Well, let's go through those one at a time.
I mean, in terms of consumer attitudes
and reassuring them that your site is secure,
what sorts of things are they looking for?
What can put them at ease?
Yes.
So we actually asked about their preferences
in terms of security features and what they'd like to see.
One of the features that they find the most reassuring
is two-factor authentication.
So one-time passwords sent by email or text.
80% of consumers cited those as being very important
or moderately important. There were also additional features that gave them comfort.
So biometric identification, such as a face ID or a fingerprint using their mobile device.
Image or text captchas were also features that could help in that respect. And then also knowledge-based
questions like, who's your childhood best friend? What was the first car that you drove where
supposedly only you should know that answer? So it seems as though we've really reached a
point with sophistication with the consumers where a username and password just isn't going
to cut it anymore. Yes, absolutely. And what I will say too is that
what might have previously been viewed as an inconvenience
and something that added friction to the purchase
is now actually being seen favorably.
People are looking for those measures
to know that that retailer is protecting them
and taking their identity and their data very seriously.

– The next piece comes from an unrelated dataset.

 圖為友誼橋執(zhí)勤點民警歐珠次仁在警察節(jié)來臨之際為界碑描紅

So 60% of consumers now have a
positive view of those measures with online retailers, which was an increase of 20% versus
last year. Wow, that's a really interesting insight. I'm curious about sort of the contrast
between in-person shopping and online shopping. As you mentioned, I think the pandemic drove a lot of people to online shopping. But
can you provide some color onto why that retail experience is still an important one?

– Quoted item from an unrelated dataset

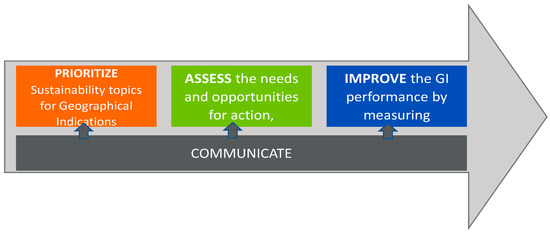 From this viewpoint, it is crucial to provide the appropriate tools for GI producers in order to permit them to become aware of the issues related to sustainability and to agree on priorities (Prioritize), from where they can assess the current situation (Assess) and define their action plan to address the issues and increase their sustainability performance (Improve). Throughout this path, communication is crucial for both internal management and externally for public information. A major difficulty for this process is the ability to approach the sustainability of GIs in a comprehensive manner, as the literature on GIs is usually focused only on certain elements of sustainability. Although some research has begun to consider a comprehensive approach to the assessment of the sustainability of GIs, in particular the Strenght2Food project (S2F) [29], not many sources provide a holistic view.

Yeah, absolutely. So what we saw this year is that only 17% of shoppers plan to do nearly all
their shopping online, and that's down versus 31% of consumers in 2021. And we believe that's really driven by
a desire for normalcy after the COVID-19 pandemic, where a lot of consumers who perhaps might have
preferred to shop in the store were forced to adopt online shopping just for measures of health
and safety. And what we found especially interesting is that Gen Z actually is more likely to shop in-store than even millennials.
I would have expected to see a linear relationship along the generations.
And instead, we're seeing a little bit of a reversal of that trend.
And we think that this is due to Gen Z's desire for experiences and authentic brand engagement.
And that's really steering them towards those in-store experiences. So for the retailers, does that point to the importance of having
all their bases covered, of having that in-person shopping experience, but also
online as an option? That's exactly right. So people care about in-store. They want the stores
to be fresh. They want them to be clean, well-organized, easy to shop. They like that experience, but at the same time, there's certainly a subset of customers that are craving in their household, are much more likely to be shopping online.
But we're also seeing increasing growth in that sort of omni-channel shopping, curbside pickup and buy online pickup in store really picking up steam as well.
Did you have any sense for what causes frustration among the shoppers here?
As you mentioned, you know, leaving those carts abandoned.
Yes, we did. We probed into some of those reasons. So some of the main ones were really around
fraud, actually. So we saw that 31% of customers would abandon their cart due to fraud concerns,
which was a 72% increase from last year. and 21% would abandon their cart due to insufficient security on the site,
which was a 40% increase from last year.
Outside of those fraud-related reasons,
we also saw shipping costs, perhaps unexpected ones,
popping up at the last minute,
driving that desire to abandon the cart,
as well as payment issues and a poor website experience.
What are your recommendations then for the retailers? abandon the cart, as well as payment issues and a poor website experience.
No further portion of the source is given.